デバイス分析

デバイス分析

デバイス分析について

デバイス分析機能により、クライアントデバイスのエンタープライズ Wi-Fi エクスペリエンスを強化し、シームレスな接続性を確保することができます。この機能により、ワイヤレス クライアント デバイスの動作を分析するための一連のデータ分析ツールが提供されます。コントローラでデバイスプロファイリングを有効にすると、クライアントデバイスとコントローラおよび AP の間で情報が交換されます。このデータは、デバイスのセキュリティを確保するために、AES-256-CBC を使用して暗号化されます。

Cisco IOS XE Bengaluru 17.6.1 以降では、この機能が AC9560、AC8561、AX201、AX200、AX1650、AX210、AX211、および AX1675 チップセットを搭載した Intel デバイスでサポートされます。Intel デバイスから受信したデバイス情報およびその他の情報は、Cisco Catalyst Center と共有されます。この情報も、コントローラでのデバイスプロファイリングを強化するために使用されます。


(注)  


Cisco IOS XE Dublin 17.12.1 以降では、MacBook デバイスがモデル情報とともに 11k アクションフレームを送信する場合、コントローラで MacBook 分析がサポートされます。



(注)  


iPhone や iPad などの Apple クライアントは、802.11k アクションフレームを使用してデバイス情報をコントローラに送信します。802.11k アクションフレームの送信に失敗した場合、コントローラは 802.11 プロトコルに基づくデバイス分類を実行しません。そのため、HTTP および DHCP プロトコルに基づくレガシーのデバイス分類にフォールバックします。


デバイス分析の制限事項

  • この機能は、シスコデバイスのエコシステムパートナーにのみ適用されます。

  • この機能は、802.11ax および Wave 2 AP でのみサポートされています。

  • この機能は、ローカルモードまたは FlexConnect モードのいずれかの中央認証を使用してサポートされます。

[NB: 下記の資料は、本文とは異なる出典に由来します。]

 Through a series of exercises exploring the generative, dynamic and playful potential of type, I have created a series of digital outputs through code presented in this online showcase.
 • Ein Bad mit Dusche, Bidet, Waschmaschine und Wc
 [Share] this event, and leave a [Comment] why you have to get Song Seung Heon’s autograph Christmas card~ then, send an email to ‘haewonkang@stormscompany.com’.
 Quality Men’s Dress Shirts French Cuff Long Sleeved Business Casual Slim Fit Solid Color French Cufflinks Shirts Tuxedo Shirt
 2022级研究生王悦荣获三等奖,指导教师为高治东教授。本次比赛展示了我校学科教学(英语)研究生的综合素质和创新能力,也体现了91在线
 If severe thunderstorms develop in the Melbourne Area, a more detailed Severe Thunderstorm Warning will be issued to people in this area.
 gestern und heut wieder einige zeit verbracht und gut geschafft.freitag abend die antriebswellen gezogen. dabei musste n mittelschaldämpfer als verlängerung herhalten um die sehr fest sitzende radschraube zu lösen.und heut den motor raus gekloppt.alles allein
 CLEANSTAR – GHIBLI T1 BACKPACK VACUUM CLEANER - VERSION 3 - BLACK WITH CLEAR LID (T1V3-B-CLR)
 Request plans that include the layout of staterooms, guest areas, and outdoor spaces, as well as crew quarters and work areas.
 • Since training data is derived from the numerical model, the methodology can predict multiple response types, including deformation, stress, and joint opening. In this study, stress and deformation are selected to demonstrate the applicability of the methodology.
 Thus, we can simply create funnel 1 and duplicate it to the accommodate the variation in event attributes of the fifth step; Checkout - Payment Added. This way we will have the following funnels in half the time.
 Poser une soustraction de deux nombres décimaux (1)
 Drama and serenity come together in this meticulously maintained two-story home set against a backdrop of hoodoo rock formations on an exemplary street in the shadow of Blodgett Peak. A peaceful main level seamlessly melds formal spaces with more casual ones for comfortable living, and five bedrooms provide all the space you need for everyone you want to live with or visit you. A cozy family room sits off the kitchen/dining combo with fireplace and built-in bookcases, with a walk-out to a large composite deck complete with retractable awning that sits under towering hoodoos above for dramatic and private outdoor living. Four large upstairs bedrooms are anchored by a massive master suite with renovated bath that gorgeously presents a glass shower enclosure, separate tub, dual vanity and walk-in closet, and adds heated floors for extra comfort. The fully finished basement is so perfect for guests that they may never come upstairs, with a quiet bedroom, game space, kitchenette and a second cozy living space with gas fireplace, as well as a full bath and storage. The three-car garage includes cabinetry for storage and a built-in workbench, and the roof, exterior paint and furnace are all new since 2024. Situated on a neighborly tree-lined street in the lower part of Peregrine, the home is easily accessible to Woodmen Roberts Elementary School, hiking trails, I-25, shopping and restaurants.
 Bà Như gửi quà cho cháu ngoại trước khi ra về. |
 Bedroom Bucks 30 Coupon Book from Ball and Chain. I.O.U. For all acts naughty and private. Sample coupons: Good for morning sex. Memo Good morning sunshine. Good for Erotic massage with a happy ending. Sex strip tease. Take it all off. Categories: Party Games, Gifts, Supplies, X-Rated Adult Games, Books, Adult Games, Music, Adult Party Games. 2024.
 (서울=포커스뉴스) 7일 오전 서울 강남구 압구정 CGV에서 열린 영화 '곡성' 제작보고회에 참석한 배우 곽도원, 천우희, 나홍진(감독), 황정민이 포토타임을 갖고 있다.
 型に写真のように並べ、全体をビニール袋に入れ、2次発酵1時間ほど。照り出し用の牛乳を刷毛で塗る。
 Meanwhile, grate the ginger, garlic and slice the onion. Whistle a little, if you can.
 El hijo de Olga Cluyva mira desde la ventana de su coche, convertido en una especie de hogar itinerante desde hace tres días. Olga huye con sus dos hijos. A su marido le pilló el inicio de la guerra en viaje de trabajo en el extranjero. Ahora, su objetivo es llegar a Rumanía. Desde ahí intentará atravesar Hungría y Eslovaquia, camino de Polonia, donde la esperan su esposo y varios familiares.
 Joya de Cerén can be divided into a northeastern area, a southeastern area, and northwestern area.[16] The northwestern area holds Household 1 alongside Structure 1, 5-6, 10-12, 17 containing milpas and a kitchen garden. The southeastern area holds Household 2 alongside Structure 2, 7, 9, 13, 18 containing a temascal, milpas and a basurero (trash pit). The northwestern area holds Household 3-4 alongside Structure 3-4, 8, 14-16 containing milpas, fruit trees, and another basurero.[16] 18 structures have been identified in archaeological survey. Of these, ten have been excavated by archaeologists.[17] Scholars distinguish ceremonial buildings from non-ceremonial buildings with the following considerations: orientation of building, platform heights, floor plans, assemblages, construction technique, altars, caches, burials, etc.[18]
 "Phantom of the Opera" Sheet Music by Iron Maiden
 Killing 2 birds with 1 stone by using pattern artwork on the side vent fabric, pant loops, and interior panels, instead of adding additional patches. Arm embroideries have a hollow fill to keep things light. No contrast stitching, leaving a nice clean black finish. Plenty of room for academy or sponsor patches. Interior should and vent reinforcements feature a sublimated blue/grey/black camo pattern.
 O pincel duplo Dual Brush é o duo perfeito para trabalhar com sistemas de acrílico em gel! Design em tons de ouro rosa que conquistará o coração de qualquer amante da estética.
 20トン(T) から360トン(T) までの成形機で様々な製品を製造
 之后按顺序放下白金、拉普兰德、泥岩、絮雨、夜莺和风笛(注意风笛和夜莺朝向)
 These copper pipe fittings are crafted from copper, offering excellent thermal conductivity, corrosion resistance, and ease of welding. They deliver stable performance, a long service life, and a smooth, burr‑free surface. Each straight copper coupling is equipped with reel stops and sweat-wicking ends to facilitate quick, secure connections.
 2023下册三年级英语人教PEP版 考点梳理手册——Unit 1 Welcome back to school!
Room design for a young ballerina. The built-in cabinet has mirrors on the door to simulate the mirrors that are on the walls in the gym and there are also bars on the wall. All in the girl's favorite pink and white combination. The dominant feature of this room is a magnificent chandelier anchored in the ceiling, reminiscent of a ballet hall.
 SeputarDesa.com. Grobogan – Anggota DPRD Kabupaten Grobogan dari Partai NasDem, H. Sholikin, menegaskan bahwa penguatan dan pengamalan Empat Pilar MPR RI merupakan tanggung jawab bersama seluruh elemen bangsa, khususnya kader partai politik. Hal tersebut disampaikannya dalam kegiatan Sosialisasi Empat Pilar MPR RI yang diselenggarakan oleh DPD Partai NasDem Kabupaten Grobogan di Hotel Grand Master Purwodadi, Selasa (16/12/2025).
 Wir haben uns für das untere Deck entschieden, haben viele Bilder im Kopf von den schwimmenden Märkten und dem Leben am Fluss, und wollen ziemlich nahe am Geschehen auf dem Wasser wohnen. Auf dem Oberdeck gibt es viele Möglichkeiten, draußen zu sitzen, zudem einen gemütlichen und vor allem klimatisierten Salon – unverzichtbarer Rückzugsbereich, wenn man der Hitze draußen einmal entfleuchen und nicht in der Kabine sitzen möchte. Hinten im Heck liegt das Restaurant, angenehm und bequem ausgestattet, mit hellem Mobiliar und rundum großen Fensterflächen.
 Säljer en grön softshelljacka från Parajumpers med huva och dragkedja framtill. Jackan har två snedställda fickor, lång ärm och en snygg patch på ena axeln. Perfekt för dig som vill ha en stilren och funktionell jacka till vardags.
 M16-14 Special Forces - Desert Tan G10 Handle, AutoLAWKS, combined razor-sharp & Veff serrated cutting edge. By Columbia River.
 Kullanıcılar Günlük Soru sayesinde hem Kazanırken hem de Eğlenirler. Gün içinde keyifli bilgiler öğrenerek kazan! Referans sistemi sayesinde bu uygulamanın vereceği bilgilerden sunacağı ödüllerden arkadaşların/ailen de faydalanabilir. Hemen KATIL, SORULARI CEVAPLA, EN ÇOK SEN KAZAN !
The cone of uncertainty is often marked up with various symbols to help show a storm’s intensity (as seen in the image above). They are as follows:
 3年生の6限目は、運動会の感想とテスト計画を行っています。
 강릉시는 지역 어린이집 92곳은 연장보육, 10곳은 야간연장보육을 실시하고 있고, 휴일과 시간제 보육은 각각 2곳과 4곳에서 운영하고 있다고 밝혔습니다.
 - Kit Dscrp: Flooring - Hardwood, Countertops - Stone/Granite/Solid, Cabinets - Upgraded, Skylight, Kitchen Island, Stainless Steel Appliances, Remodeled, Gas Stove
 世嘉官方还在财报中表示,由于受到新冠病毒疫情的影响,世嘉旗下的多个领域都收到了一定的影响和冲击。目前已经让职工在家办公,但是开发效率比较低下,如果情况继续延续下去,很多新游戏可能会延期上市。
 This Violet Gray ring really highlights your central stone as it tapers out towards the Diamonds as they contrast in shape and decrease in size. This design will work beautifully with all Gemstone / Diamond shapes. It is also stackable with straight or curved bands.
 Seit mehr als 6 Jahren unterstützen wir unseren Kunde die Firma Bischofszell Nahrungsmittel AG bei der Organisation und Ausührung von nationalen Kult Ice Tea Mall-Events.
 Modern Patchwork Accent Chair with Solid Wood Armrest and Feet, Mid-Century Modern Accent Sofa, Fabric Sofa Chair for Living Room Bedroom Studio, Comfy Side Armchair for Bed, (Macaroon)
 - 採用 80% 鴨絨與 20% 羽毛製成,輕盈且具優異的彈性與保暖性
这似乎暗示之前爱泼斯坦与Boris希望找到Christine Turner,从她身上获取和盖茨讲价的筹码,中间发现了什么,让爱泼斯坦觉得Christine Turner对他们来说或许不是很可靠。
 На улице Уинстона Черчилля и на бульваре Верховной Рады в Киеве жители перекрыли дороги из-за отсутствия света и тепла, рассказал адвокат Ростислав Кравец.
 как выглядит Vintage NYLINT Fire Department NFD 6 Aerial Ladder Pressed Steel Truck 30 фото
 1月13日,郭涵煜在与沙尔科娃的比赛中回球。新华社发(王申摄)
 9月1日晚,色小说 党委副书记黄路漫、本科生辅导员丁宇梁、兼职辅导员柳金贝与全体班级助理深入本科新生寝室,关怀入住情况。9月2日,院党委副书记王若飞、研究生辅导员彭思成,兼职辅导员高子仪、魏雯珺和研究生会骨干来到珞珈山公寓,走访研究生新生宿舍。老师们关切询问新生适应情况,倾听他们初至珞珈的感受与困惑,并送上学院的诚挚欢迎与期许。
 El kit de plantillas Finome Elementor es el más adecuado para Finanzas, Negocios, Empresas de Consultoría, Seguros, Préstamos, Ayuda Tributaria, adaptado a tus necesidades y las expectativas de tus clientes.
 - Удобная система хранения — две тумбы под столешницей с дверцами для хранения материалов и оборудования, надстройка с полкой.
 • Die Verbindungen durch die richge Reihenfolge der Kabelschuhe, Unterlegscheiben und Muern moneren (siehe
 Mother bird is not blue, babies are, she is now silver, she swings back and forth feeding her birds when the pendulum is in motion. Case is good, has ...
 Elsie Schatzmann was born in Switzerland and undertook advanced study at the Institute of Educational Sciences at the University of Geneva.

  • Intel デバイスをサポートするには、AP に PMF 機能があり、WLAN で PMF が任意または必須に設定されている必要があります。

デバイス分析の設定(GUI)

手順


ステップ 1

[Configuration] > [Tags & Profiles] > [WLANs] を選択します。

ステップ 2

[WLANs] ページで、WLAN の名前をクリックします。

ステップ 3

[Edit WLAN] ウィンドウで、[Advanced] タブをクリックします。

ステップ 4

[Device Analytics] セクションで、[Advertise Support] チェックボックスをオンにします。

ステップ 5

WLAN で PC 分析サポートを有効にするには、[Advertise PC Analytics Support] チェックボックスをオンにします。

ステップ 6

(任意) [Device Analytics] セクションで、[Share Data with Client] チェックボックスをオンにします。

ステップ 7

[Update & Apply to Device] をクリックします。


デバイス分析の設定(CLI)

手順

  コマンドまたはアクション 目的

ステップ 1

configure terminal

例:

Device# configure terminal

グローバル コンフィギュレーション モードを開始します。

ステップ 2

wlan wlan-name wlan-id SSID-name

例:

Device(config)# wlan device_analytics 1 device_analytics

WLAN コンフィギュレーション サブモードを開始します。

  • wlan-name :プロファイル名を入力します。入力できる範囲は英数字で 1 ~ 32 文字です。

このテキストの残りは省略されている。